_Problem_. All that is wanted is the span of lines from the one with "İnci ve dantel" to the last line of the data, copied exactly.

(Dataset records)
=====
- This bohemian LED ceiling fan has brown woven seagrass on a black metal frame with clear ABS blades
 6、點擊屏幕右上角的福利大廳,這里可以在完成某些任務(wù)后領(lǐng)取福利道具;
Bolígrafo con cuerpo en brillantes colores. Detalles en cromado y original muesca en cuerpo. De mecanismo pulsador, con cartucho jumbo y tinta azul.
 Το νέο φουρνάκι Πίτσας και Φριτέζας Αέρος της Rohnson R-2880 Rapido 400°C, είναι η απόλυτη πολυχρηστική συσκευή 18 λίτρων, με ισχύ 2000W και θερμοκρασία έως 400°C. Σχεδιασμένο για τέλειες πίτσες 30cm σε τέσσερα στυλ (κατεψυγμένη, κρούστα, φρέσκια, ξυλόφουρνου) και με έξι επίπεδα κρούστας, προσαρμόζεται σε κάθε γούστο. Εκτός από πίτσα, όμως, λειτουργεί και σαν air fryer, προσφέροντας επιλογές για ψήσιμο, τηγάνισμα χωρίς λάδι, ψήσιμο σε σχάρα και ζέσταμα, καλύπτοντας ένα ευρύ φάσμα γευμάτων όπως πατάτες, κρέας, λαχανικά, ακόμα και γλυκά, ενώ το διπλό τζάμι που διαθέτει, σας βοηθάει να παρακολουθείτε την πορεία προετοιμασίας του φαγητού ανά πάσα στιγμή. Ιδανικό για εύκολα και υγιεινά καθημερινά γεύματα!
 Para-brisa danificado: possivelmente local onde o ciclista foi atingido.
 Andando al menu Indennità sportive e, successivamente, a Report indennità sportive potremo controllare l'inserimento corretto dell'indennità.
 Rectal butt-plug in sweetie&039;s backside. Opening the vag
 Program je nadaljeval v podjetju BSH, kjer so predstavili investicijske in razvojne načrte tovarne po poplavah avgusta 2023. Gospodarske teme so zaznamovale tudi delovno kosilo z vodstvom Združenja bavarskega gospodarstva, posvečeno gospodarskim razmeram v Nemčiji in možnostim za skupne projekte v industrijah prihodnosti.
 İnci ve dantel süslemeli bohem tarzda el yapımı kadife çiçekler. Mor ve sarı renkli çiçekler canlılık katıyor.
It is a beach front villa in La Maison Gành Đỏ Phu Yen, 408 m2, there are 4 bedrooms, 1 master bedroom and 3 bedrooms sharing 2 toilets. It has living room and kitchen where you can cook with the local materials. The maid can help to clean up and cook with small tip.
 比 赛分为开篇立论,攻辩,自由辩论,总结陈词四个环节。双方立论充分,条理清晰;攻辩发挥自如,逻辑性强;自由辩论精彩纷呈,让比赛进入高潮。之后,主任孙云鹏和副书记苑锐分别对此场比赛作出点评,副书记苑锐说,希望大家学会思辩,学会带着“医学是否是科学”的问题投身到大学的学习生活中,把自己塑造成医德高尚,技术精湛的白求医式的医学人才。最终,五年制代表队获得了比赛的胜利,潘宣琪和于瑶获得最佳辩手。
=====
_Finished exercise_.
 İnci ve dantel süslemeli bohem tarzda el yapımı kadife çiçekler. Mor ve sarı renkli çiçekler canlılık katıyor.
It is a beach front villa in La Maison Gành Đỏ Phu Yen, 408 m2, there are 4 bedrooms, 1 master bedroom and 3 bedrooms sharing 2 toilets. It has living room and kitchen where you can cook with the local materials. The maid can help to clean up and cook with small tip.
 比 赛分为开篇立论,攻辩,自由辩论,总结陈词四个环节。双方立论充分,条理清晰;攻辩发挥自如,逻辑性强;自由辩论精彩纷呈,让比赛进入高潮。之后,主任孙云鹏和副书记苑锐分别对此场比赛作出点评,副书记苑锐说,希望大家学会思辩,学会带着“医学是否是科学”的问题投身到大学的学习生活中,把自己塑造成医德高尚,技术精湛的白求医式的医学人才。最终,五年制代表队获得了比赛的胜利,潘宣琪和于瑶获得最佳辩手。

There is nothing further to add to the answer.